I'm so sorry, zee. It is 'rare' but not extremely so, and diagnoses have definitely increased. And yes, MANY are diagnosed late and so indeed, further training of GPs to spot the signs, too, is paramount. We were 'lucky' in that our GP was an old one. He had seen several cases of leukaemia in his career, so when our daughter presented with that classic paetichae bruise indicative of cellulitis, but with no break in the skin, no bite, no cut and all her jabs up to date, alarm bells went off in his head. He prescribed high dose oral ABs but made an appointment for her to come back in first 24 hours later, then the next day after that, a Friday morning, first thing. And (we are very rural) called for an ambulance to take her to the nearest children's hospital, some 2 hours away, and rang the haematology department, our lab having a 48-hour return on bloods, with his suspicions. I thought it was overkill, but went along with it because he seemed to find it necessary. It was. She was in the onco unit in hours with IV ABs, sceptic. Her cons came in, 'I dread to think what may have happened had he left it over the weekend. I think she'd have died.'

I know countless families who live with extreme amounts of guilt, having been fobbed off, and what if's that will never be answered.

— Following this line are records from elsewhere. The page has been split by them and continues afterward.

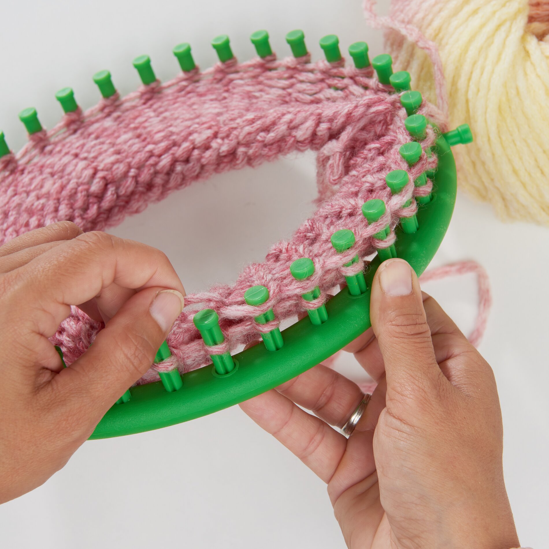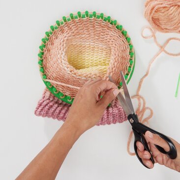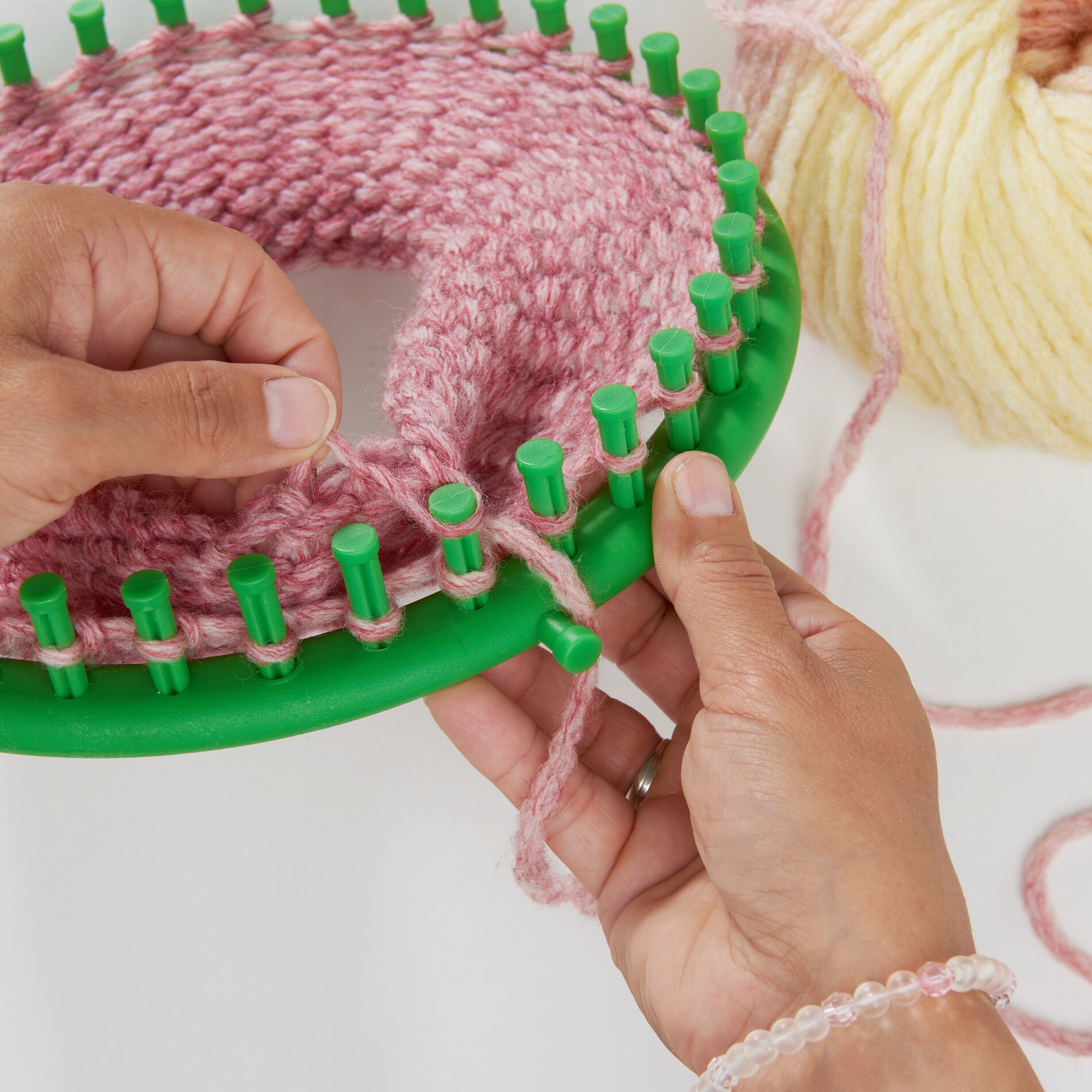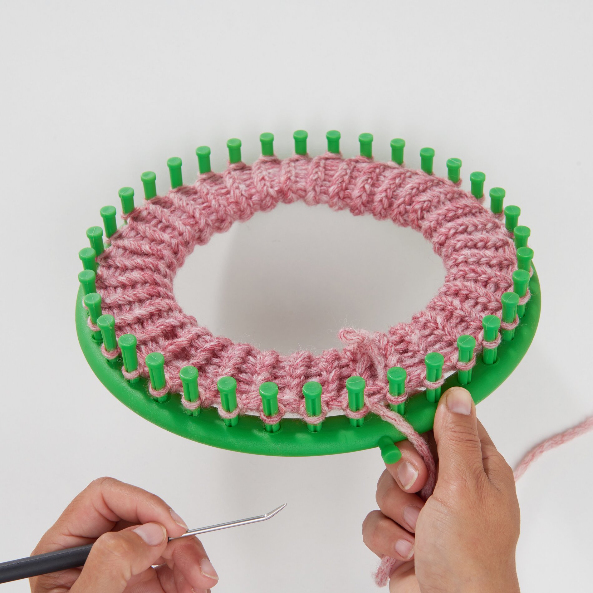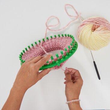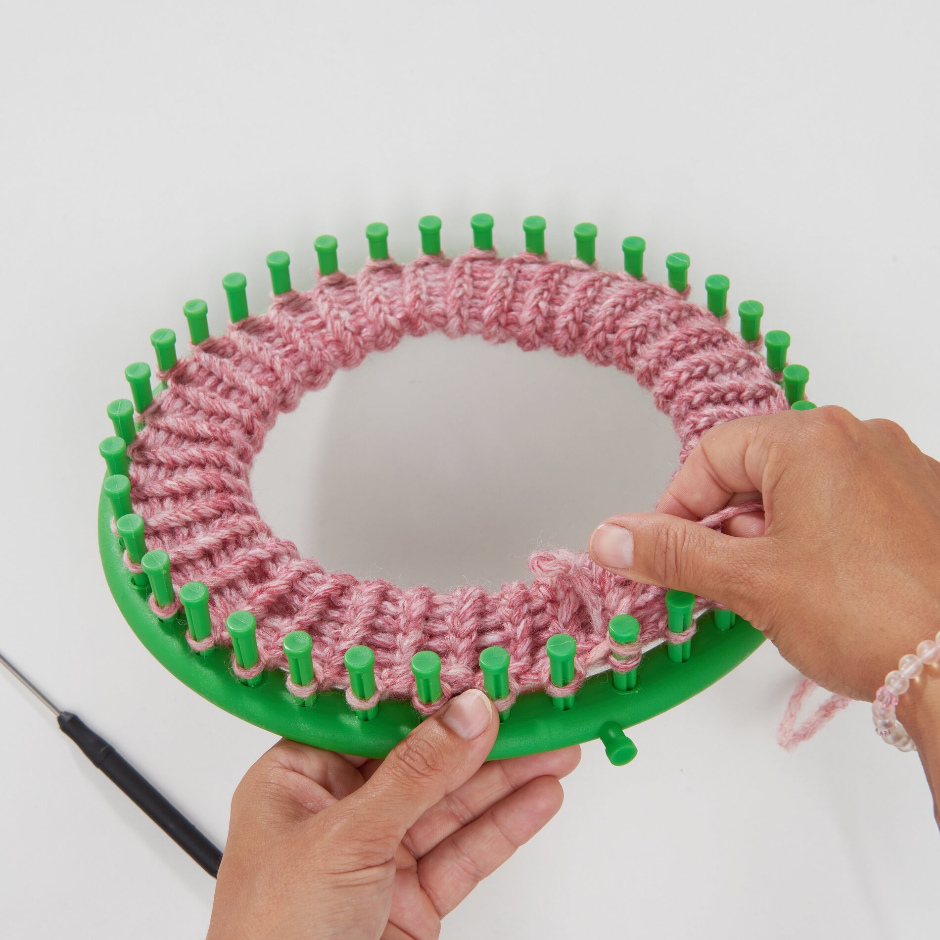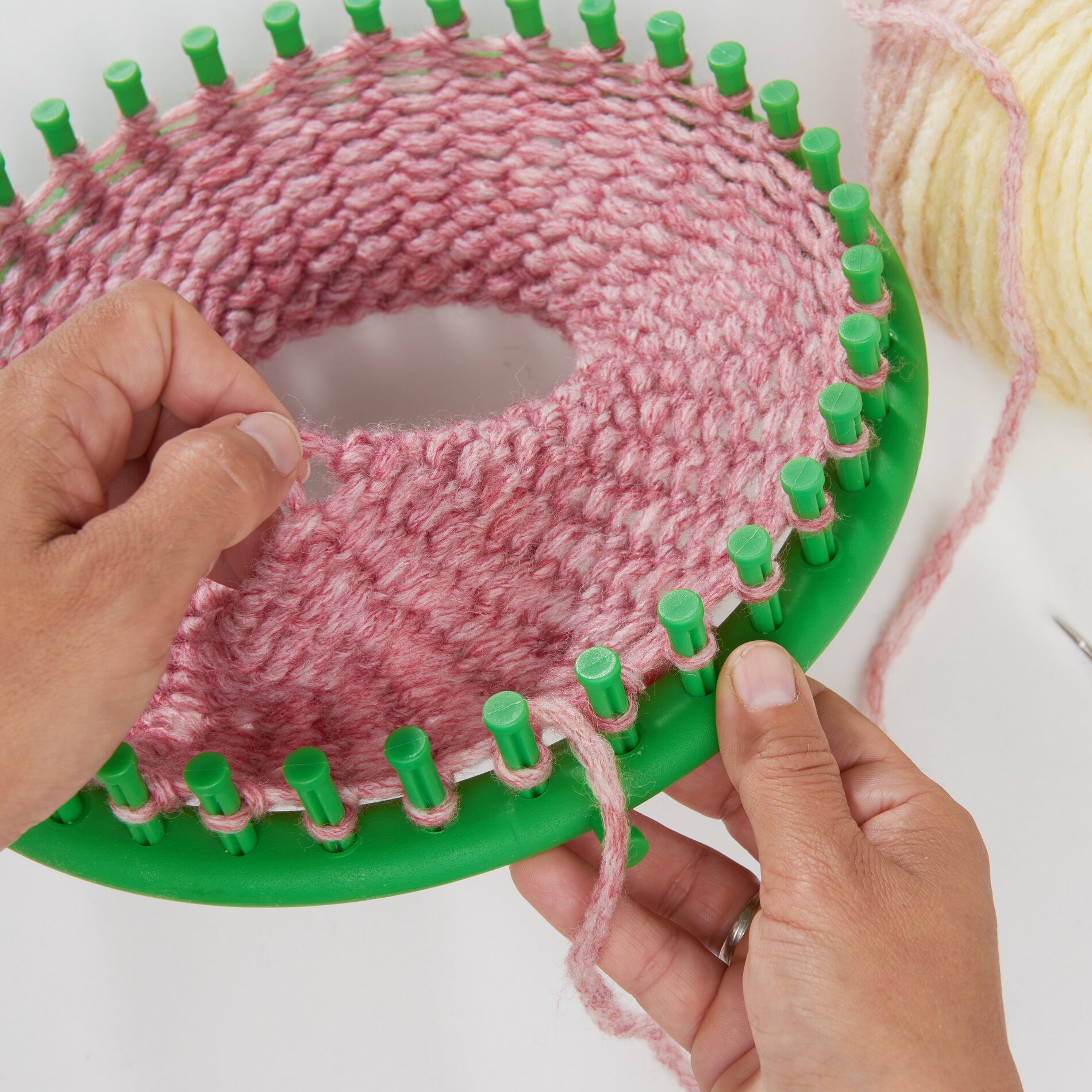 With a knitting ring you can knit in the round or in rows. You can therefore create flat knitted pieces or knitted tubes. Our instructions work for both types of knitting. For flat knitting, you also set a start and end pin depending on the desired width of your knitted piece and knit the individual rows between these two pins.
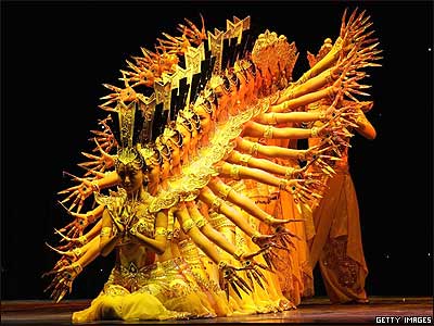 گروهی از هنرمندان معلول چينی در حال اجرای نمايشی با عنوان 'رويای من'. اين گروه هنری که از 60 عضو تشکيل شده، از زمان تاسيس در سال 1987 تا کنون در چهل کشور مختلف جهان برنامه اجرا کرده است.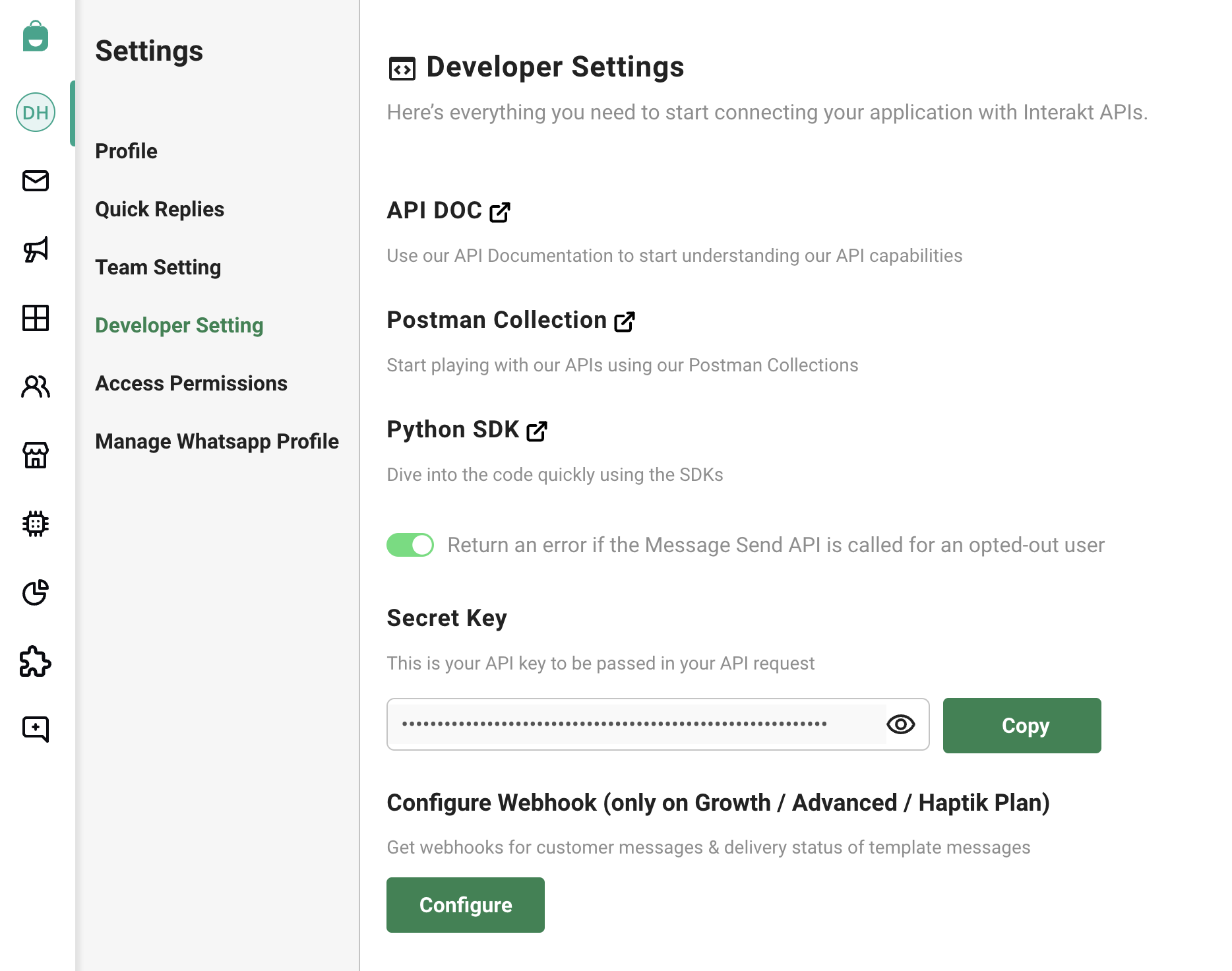 On the page that loads, enter the Callback URL provided in the popup in Webhook URL. Enter the Secret Key.

Labtest7 · 18/03/2017 21:15

Based on averages, but an adult who dies from cancer loses 15 years. A child loses 71! So despite fewer children than adults being diagnosed, in terms of lives lost the impact on children is far greater.

Labtest7 · 18/03/2017 21:19

Just to add, my daughter was one of 3 with ALL at our GP practise, and ten months after she was diagnosed, a little boy at nursery with her, was diagnosed with stage 4 neuroblastoma. Thankfully he is also doing well.

T1mum3 · 18/03/2017 21:20

Zeezeek - "Cancer is the main serious disease in children" This is wrong. I think the incidence of childhood cancer is 1 in 500 (not sure where the 1:330 comes from).

Type 1 Diabetes, for example has a slightly higher incidence rate, but a much higher prevalence because it is incurable. In the teen group it has approximately the same mortality rate c. 40-50 p.a. I don't have figures for death rates amongst the younger age group.

zeezeek · 18/03/2017 21:20

Expat - I'm so sorry for what happened to you. I think the problem is that most GPs only see very few cases of childhood cancer in their career and I fully believe that in most cases, for both adults and children, they just don't think cancer quick enough (I have done some research in this in the past). So although funding for better treatment of childhood cancers is important, for the children that are being diagnosed too late now - it is imperative that GPs increase their awareness and think about cancer sooner.

zeezeek · 18/03/2017 21:23

T1mum - I purposefully didn't quote any stats because I'm not sure of them. But if we think about childhood diseases and illnesses I'm pretty sure that even if cancer isn't the biggest killer, then it is one of the most serious.

However, it does no one any good to fight over which disease is worst and fund accordingly, does it.

T1mum3 · 18/03/2017 21:26

Care for children with type one diabetes is appalling with only 6 per cent of children managing to achieve NICE guideline target outcomes.

Any group is going to want to spare their child suffering and all cancer is horrendous.

But OP YANBU to think that one disease group should not be prioritised over another.

expatinscotland · 18/03/2017 21:28

Why is this a race to the grave? This is not a progressive disease in most children, it is acute and aggressive and necessitates swift and often highly invasive or toxic treatment, it's the nature of the beast, so to speak. That eats up huge resources. It necessitates a large degree of specialised treatment. I even had people I met from other units grumble to me that we were 'lucky' to have a private room with ensuite, that they had to be in a ward. This was because my child had no immune system following every round of chemo, and each round was all-inpatient, there was no other way round it. You couldn't have a child receiving such toxic treatments in a ward where others could be exposed to it, same as those undergoing certain rounds of radiotherapy - they were a fucking biohazard! The nurses had to come in with full gear in pairs to handle those drugs.

I even had people grumble to me when she was in ICU. 'Well, at least you got a side room, we have to be . . . ' For real?! She was in a side room because she had no immune system. No special treatment, children who have no immune system or certain diseases (the boy next to her had E.coli) are in side rooms. She died in that room.

T1mum3 · 18/03/2017 21:38

Zeezeek - according to Children with Cancer UK, cancer (which is obviously a group of different types) is the biggest killer of children. I totally accept that. I'm just pointing out that there are other, incurable serious diseases out there with higher prevalence and poor outcomes.

Some types of childhood cancer have a 100 per cent survival rate. Type 1 diabetes has a zero per cent cure rate. It's complete organ failure and requires 10 blood tests a day and six injections a day on average. It's serious.

I'm going to admit something terrible. I went to a Teenage Cancer Trust gig and I cried myself sick. I hated myself because I was jealous of the support the youths with cancer were getting. That's not nice and it's not right. But children with type one diabetes go to bed every night not knowing if they will wake up in the morning. Every single night for the rest of their lives. And they and their families rarely get counselling or support.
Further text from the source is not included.